Task details
Records follow. Copy every line with "from".

Listed entries
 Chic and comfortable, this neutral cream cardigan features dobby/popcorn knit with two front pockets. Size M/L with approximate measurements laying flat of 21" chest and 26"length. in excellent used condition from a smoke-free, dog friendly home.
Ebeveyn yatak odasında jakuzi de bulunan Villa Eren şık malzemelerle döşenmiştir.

...

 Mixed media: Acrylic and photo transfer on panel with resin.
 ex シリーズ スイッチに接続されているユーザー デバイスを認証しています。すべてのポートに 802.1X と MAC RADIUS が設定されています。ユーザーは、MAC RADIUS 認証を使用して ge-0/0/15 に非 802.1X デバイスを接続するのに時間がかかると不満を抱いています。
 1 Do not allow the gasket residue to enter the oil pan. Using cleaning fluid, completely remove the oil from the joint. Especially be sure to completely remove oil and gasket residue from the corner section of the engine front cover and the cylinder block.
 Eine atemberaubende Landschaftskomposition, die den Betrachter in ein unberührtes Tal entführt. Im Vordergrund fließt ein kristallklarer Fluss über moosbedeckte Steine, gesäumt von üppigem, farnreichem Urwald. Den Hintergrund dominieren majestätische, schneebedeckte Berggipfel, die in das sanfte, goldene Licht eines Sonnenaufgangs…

Exercise result
 Chic and comfortable, this neutral cream cardigan features dobby/popcorn knit with two front pockets. Size M/L with approximate measurements laying flat of 21" chest and 26"length. in excellent used condition from a smoke-free, dog friendly home.
 1 Do not allow the gasket residue to enter the oil pan. Using cleaning fluid, completely remove the oil from the joint. Especially be sure to completely remove oil and gasket residue from the corner section of the engine front cover and the cylinder block.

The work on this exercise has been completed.